The iPAQ had very few limitations on upgradability; hard drives, RAM, CPU and 'Multi-Bay' drives can be readily interchanged, although the iPAQ did not contain sockets for expansion cards.

It featured an interchangeable 'Multi-Bay' slot that could accept a 3.5 inch LS SuperDisk drive (the only way to read a floppy disk - standard Multi-Bay floppy drives do not work), optical drives, or a secondary hard disk device. The slot was the same as those found on many Compaq Armada and many other HP/Compaq laptop computer systems.

By a method of convection for cooling, these computers were commonly found in office environments due to their low noise (dB) output.

The iPAQ ran on either an Intel Pentium III processor or on an Intel Celeron processor; ranging from 500 MHz to 1 GHz processor in a PGA370 socket.

The internal RAM was upgradable to 512 MB of 100 MHz 168-pin SDR SDRAM. Due to the RAM limit of the Intel 815 series chipset, the BIOS in the iPAQ prevents the system from booting if there is more than 512 MB installed, instructing the user to decrease the amount of RAM in the system to no more than 512 MB.

The first version came in two different models, "Legacy free" which had no parallel, serial, or PS/2 ports and instead 3 additional USB ports on the back; and the traditional one which included the parallel, serial, and PS/2 ports but only had USB ports on the front. The second version had different styling and had a backpack which added the "legacy" ports.

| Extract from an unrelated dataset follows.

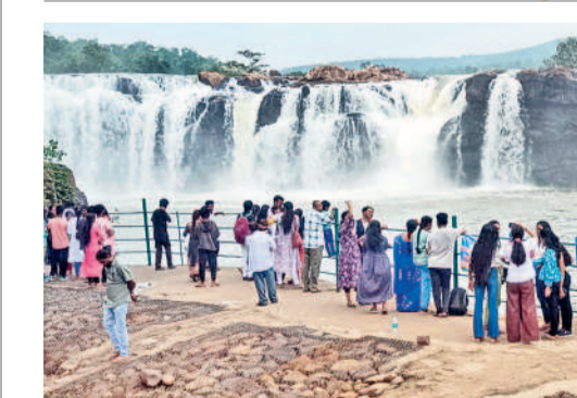
జలపాతం వ్యాఖ్యానంలో పాటోలు దిగుతూ వర్కాటకుల సందడి

iPAQ Desktops were typically sold with Windows 98 or Windows 2000 already installed. They are easily upgraded to Windows XP and can also technically run Windows Vista and Windows 7 despite the low RAM limit. In the case of Windows 7, the only way to utilize the onboard video chip is to install the Intel815 Windows XP Drivers.

==Internet appliance==
For a short time, around the year 2000, Compaq released a few models of an iPAQ that functioned as internet appliances. They did not have a CD-ROM drive and offered very few ports to connect to for very basic use.

There were two variants of the flat-panel iPAQs, a common Windows CE-based version in a white case, and the less common blue version known as the 'Clipper'.

The Windows CE version was sometimes called the 'MSN Messenger version' and worked exclusively with the Microsoft Network over a dial-up connection using the Windows CE version of Internet Explorer.

The Clipper appeared to be designed more for commercial environments and used a compact operating system based on BeOS called BeIA. The built-in "Wagner" web browser application was a customized version of the Opera browser.

The Clipper also included a standard 10BASE-T Ethernet port, and shipped with the ability for the end-user to access the command line in order to tailor the device to use a company logo on the start-up screen. It also included a Minitel client for use where Minitel was available (mainly Canada and France).